From the point of view of a REST client, /api/courses/X and /api/courses/Y are different resources -- those resources might share the same underlying representation (because they are constructed from the same underlying data), but that's an implementation concern of the server.

URI spellings are only constrained by RFC 3986.

/api/courses?id1=12345 /api/courses?id2=67890 

That's a perfectly reasonable choice. One potential upside is that HTML includes a standard for creating URI templates with query parameters. A potential downside is that relative reference resolution treats the non-hierarchical data in the query-part differently than the hierarchical data in the path segments.

/api/courses/id1/12345 /api/courses/id2/67890 

Perfectly reasonable choice, with the opposite tradeoff from above.

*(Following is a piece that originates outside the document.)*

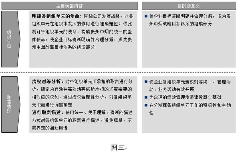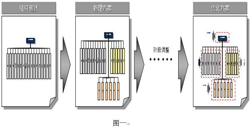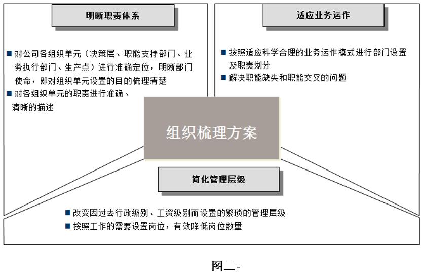 組織結(jié)構(gòu)梳理方案的設(shè)計是在現(xiàn)行組織結(jié)構(gòu)不變的情況下從三項關(guān)鍵內(nèi)容著手:明晰職責體系、適應業(yè)務運作、簡化管理層級。

/api/courses/id1=12345 /api/courses/id2=67890 

This is really the same idea as above, with a slightly different spelling. It has the advantages of being easy and human readable. However, actually working with that pattern may be challenging, depending on what kind of routing support you have.

As URI templates, these would probably look like

/api/courses/id1={id} /api/courses/id2={id} 

But in places where you have level 4 URI template support, you might be able to use

 /api/courses/{/ids*} 

Another possibility would be to use a "matrix parameter" inspired spelling, like

/api/courses;id1=12345 /api/courses;id2=67890 

Again, this gives you a different set of trade offs of readability, template support, relative resolution support, and so on.

See also Stefan Tilkov -- REST: I Don't Think It Means What You Think It Does.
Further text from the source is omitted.